Rachul told The Post that while she wasn’t surprised by the backlash — “I was also raised to have a thick skin” — she worries about the effects the cyberbullying could have on younger generations.

“I dug into some of these video duets/stitches and comments and lot of the people behind the account are in middle school/high school/college,” she explained. “These are really formative years for learning how to treat others and I’m concerned for how brazen people have become online when criticizing strangers.”

When her grandparents, who were Disney Vacation Club members, passed away, Rachul and and her parents started a regular tradition of visiting the park in their honor. Her last trip to the park was in 2019.

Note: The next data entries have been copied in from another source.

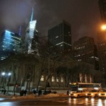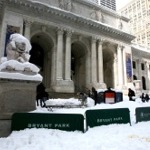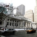 The New York Public Library main branch facade along Fifth Avenue at its intersection with East 41st Street during day time in winter.
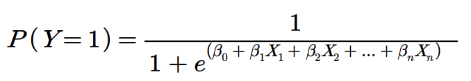 - 위 수식에서 𝑃(Y=1)은 양성 클래스에 속할 확률을 의미하며, X는 입력 변수, 𝛽는 회귀 계수를 나타냄. 모델은 주어진 데이터에서 확률을 최대화하는 회귀 계수를 찾기 위해 최대 우도 추정(MLE)법을 사용
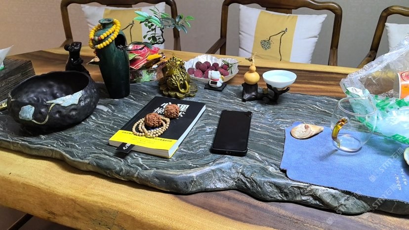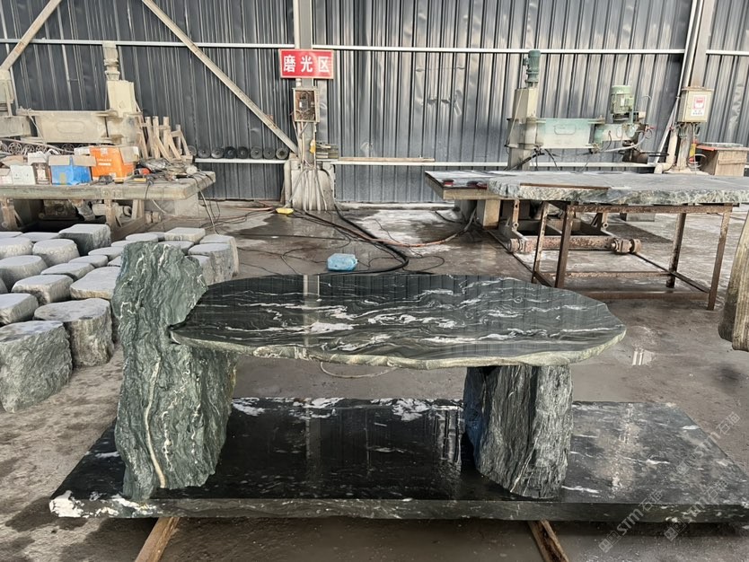 九龍玉石桌椅,地鋪碎拼,茶臺(tái)
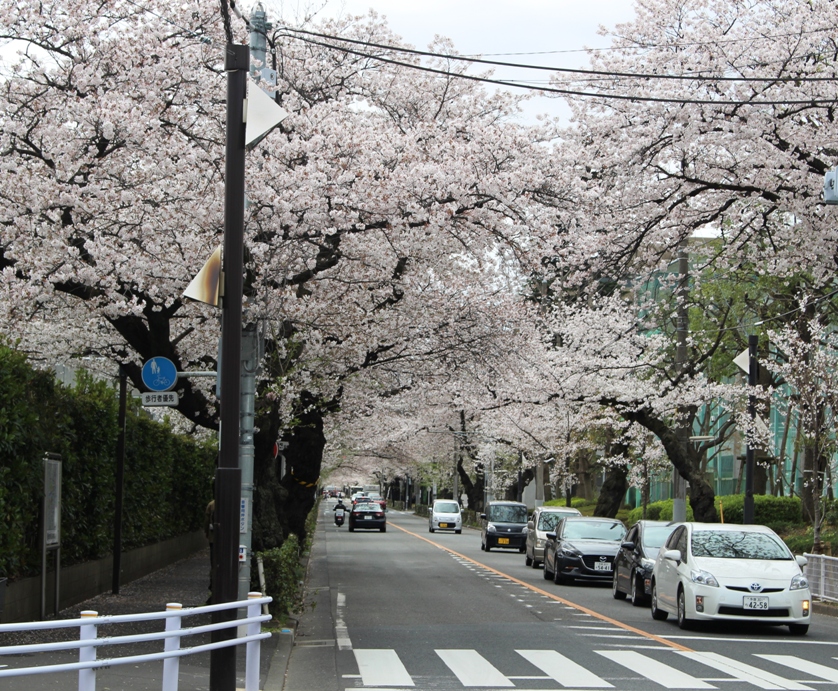 市役所前の満開の桜のトンネル。本来なら桜まつりでうららかな日々の筈なのに。
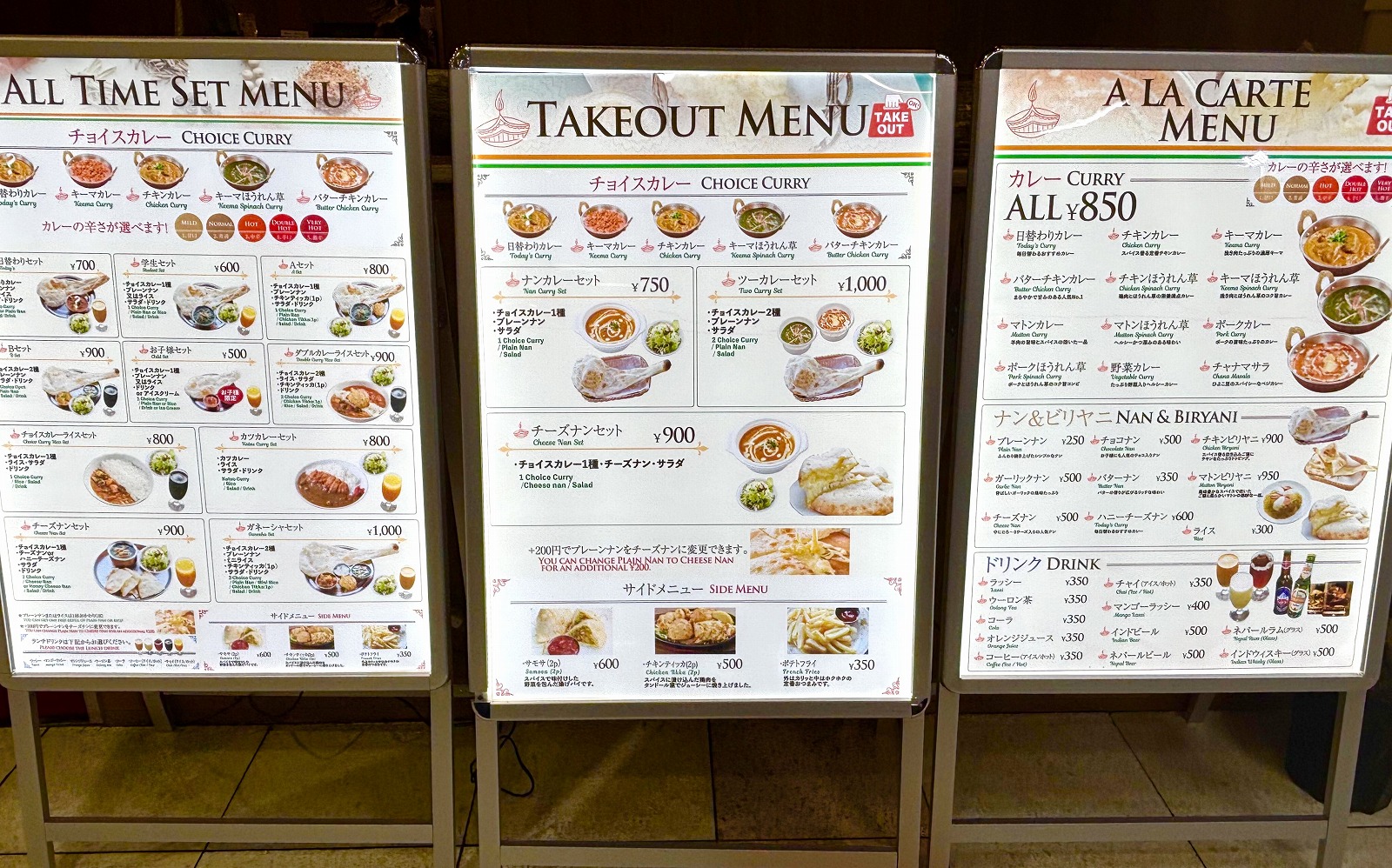 メニューの詳細がこちら。左のセットメニューがかなりお得で、カレーの辛さも選べるそうですよ。このたびは情報とお写真をありがとうございました。ぜひお立ち寄り頂けたらと思います。
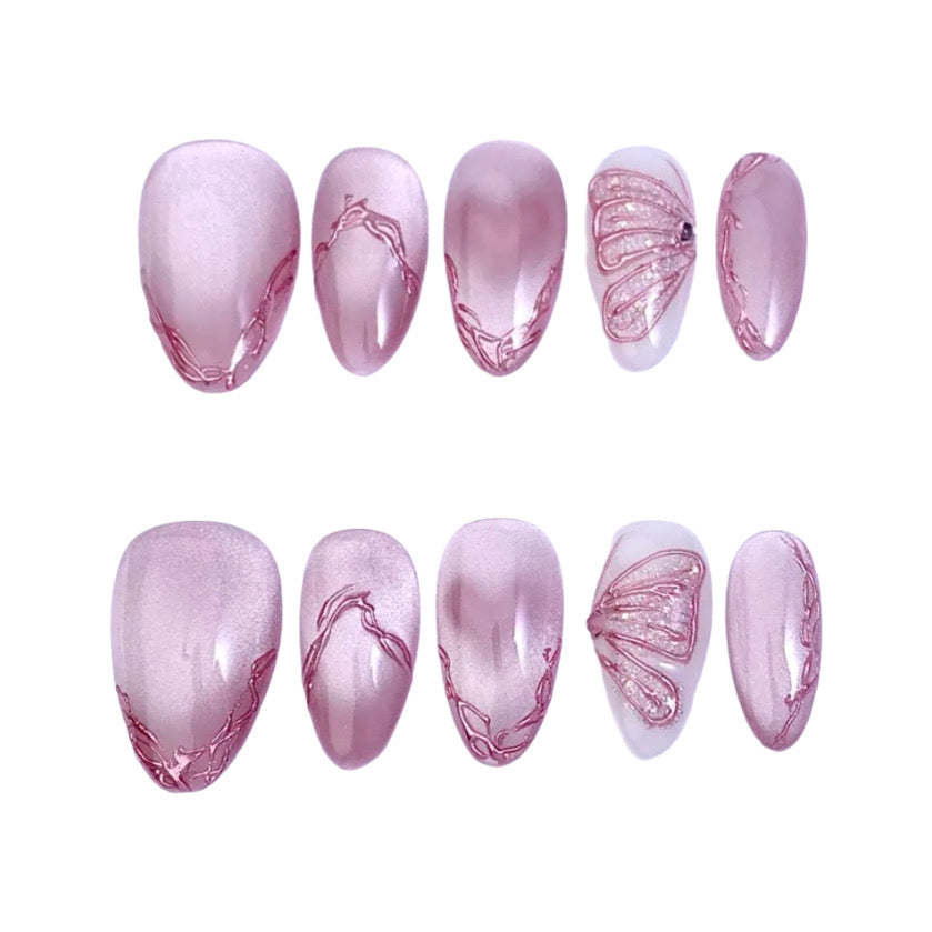 - Semi-handpainted press-on, pre-painted pigments with nail artists' refinement

“I was surprised by my own reaction to getting to hug [Goofy] again,” Rachul recalled. “The tears came out of nowhere. All the cast members there were wonderful too and Goofy gave me a long hug and a lot of special interaction because he could see it meant a lot to me.”

Post columnist Johnny Oleksinski gave his take on childless millennials vacationing at Disney in 2019.

“Why do the same old, safe, boring thing when you could buy a round-trip Norwegian Airlines flight from New York to Paris right now for $280, get an Airbnb and sit along the Seine drinking rosé?” he asked adult-aged Disney park-goers.

But for those who never want to grow up, the media giant announced in February that it was working on a real-life residential neighborhood in the Coachella Valley.